A rudimentary analysis of the dataset reveals distinct differences between authentic and counterfeit samples under DAPCI-MS interrogation. Averaged mass spectra from three branded Scotch whiskies and 3 counterfeits are shown in Fig. 2. Differences between the mass spectra for authentic and counterfeit samples can be readily observed by visual inspection. Moreover, the spectra from the three different brands show close similarity. A holistic consideration of the total number of peaks in the dataset, reveals an average increase of 7.6% in the authentic samples over counterfeit samples (Supplementary Fig. S2). This is not an unexpected result since it is well known that the maturation process in Scotch adds to the chemical richness of the whisky. Volatile aroma imparting compounds include lignin derived metabolites from the cask wood used to mature the Scotch35. Counterfeit samples will generally avoid (or skimp) the correct and lengthy (>3 years) maturation process in casks. Genuine samples are therefore more likely to show higher levels of chemical diversity reflecting the higher abundance of peaks present in the samples as a whole. The three counterfeit samples shown in Fig. 2((d) S16-0226, (e) S16-0810 and (f) S16-0940) exhibit distinct differences not only in respect to the genuine Scotch spectra but also amongst themselves. This is entirely expected since there is no typical counterfeit sample. The chemical composition of counterfeited Scotch naturally reflects the manufacturing processes used to defraud. Typical examples include: rebranding of lower quality less mature whiskies as being more expensive, mature whiskies; dilution of genuine produce with either water or ethanol; industrially produced ‘moonshine’, a term used to denote whisky that has not been through cask maturation; and, relabelling of foreign, mature whisky as Scotch. The latter is likely the most difficult to capture with DAPCI-MS. Further analysis, considering the total ion current distribution defined over a set of given m/z ranges, reveals further interesting trends. For instance, over the ranges of m/z 10–100, 100–200, 200–300 and 300–400, an average increase in the ion abundance of lower mass regions for authentic samples is observed; there is a corresponding increase in the higher mass regions for counterfeit samples (Supplementary Fig. S3). Such trends within the data could potentially be used to enhance classification.

Figure 2
figure 2

DAPCI-MS spectral ‘fingerprints’ from 3 authentic brands of whisky and 3 counterfeit samples (after post-processing to remove ethanol clusters). (a) Mean spectra of Brand 1. (b) Mean spectra of Brand 2. (c) Mean spectra of Brand 3. (d) Individual counterfeit sample S16-0226. (e) Individual counterfeit sample S16-0810. (f) Individual counterfeit sample S16-0940.
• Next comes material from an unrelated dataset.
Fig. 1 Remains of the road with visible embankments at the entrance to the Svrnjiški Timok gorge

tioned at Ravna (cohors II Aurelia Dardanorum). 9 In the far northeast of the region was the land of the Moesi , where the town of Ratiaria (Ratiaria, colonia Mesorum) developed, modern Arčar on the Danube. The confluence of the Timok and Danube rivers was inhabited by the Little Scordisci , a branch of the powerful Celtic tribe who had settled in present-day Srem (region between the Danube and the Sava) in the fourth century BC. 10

Chemical analysis of whisky samples by DAPCI-MS

All DAPCI spectra of Scotch are dominated by highly abundant protonated ethanol (M.W. 46) clusters in positive ion mode, m/z 47, 93, 139, 185, 231 and 277 (Supplementary Fig. S4). DAPCI operation in solventless mode utilises atmospheric water to facilitate primary proton donation to analyte molecules. In the case of whisky analysis, higher proton affinity (776.4 kJ/mol) and lower vapour pressure of ethanol in comparison to water (691 kJ/mol) causes water to be displaced as the primary reagent ion in favour of vapour phase ethanol. Due to the high abundance of ethanol in the native sample, it is not possible to de-solvate entirely the ethanol peaks. To visualise the spectral differences between samples, the highly abundant ethanol clusters were removed in software (Fig. 2). In Fig. 2, spectrum (a) is the mean for all brand 1 samples, spectrum (b) is the mean for all brand 2 samples and spectrum (c) is the mean of all brand 3 samples. The mean spectra for all three authentic brands exhibit remarkable consistency in terms of peak abundance and mass positions. A high degree of ‘chemical richness’ can be observed, reflecting the complexity and diversity of the native whisky matrix.
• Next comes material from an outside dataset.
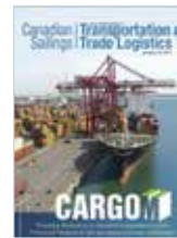
JANUARY 27, 2014 CargoM: PROMOUVOIR MONTRÉAL EN TANT QUE PLAQUE TOURNANTE MULTIMODALE Canadian Sailings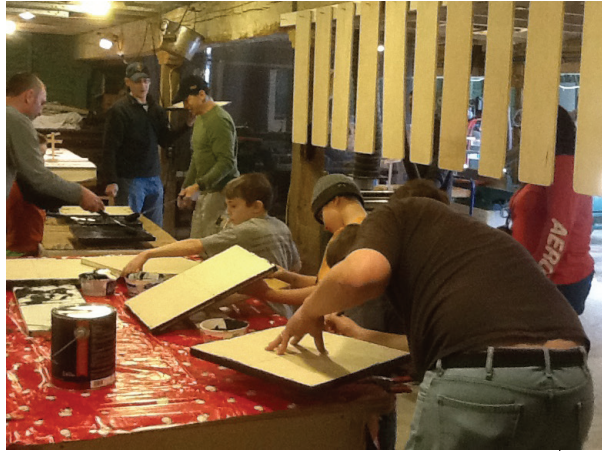
Cub Scouts from Pack 4 work on amputee boards for Sunnyview patients.

The scouts got together the weekend of January 26 - 27 to assemble and paint the boards. The older boys (Webelos in grades 4 and 5) did the assembly in the morning. In the afternoon, the younger boys (Tigers, Bears and Wolves in grades 1 and 3) did the painting.

Well-known major constituents of whisky, aside from ethanol and water, are volatile alcohol congeners also called higher oils formed during ethanol fermentation. R. Aylott et al.6 devised a quantitative methodology to determine authentication of Scotch based on higher alcohol and related congener concentrations: Acetaldehyde (M.W. 44), Methanol (M.W. 32), Ethyl Acetate (M.W. 88.11), n-Propanol (M.W. 61.09), Iso-Butanol (M.W. 74.12), 2-Methyl-1-butanol (M.W. 88.15) and 3-Methyl-1-butanol (M.W. 88.15). Deviation from normal concentration ranges for one or more of the major congeners can be considered as a red flag for authenticity. Supplementary Fig. S4 shows the corresponding mass spectral peaks suspected to correspond to these alcohols in protonated form (m/z 33, 45, 61, 75.1, 89.1). A rapid qualitative assessment of authenticity can be obtained by observing the stability of genuine brands and significant deviation in at least two of the data points for the counterfeit samples. Further markers provided6 include age related congeners: Vanillic Acid (M.W. 168.14), Syringic Acid (M.W. 198.17), Vanillin (M.W. 152.15), Syringaldehyde (M.W. 182.17) and Furfural (M.W. 96). Figure 3 shows the relative abundance of the suspected corresponding protonated peaks (m/z 97 169.1, 199.2, 153.1 and 183.2), where significant deviation can be observed for all of the counterfeit samples for at least one of the marker peaks and eight of the counterfeit samples show deviation in at least two of the marker peaks.

Figure 3
figure 3

Intensity heat map for selected peaks m/z 33, 45, 61.1 75.1, 89.1, 97, 169.1, 199.2, 153.1 and 183.2 for each sample.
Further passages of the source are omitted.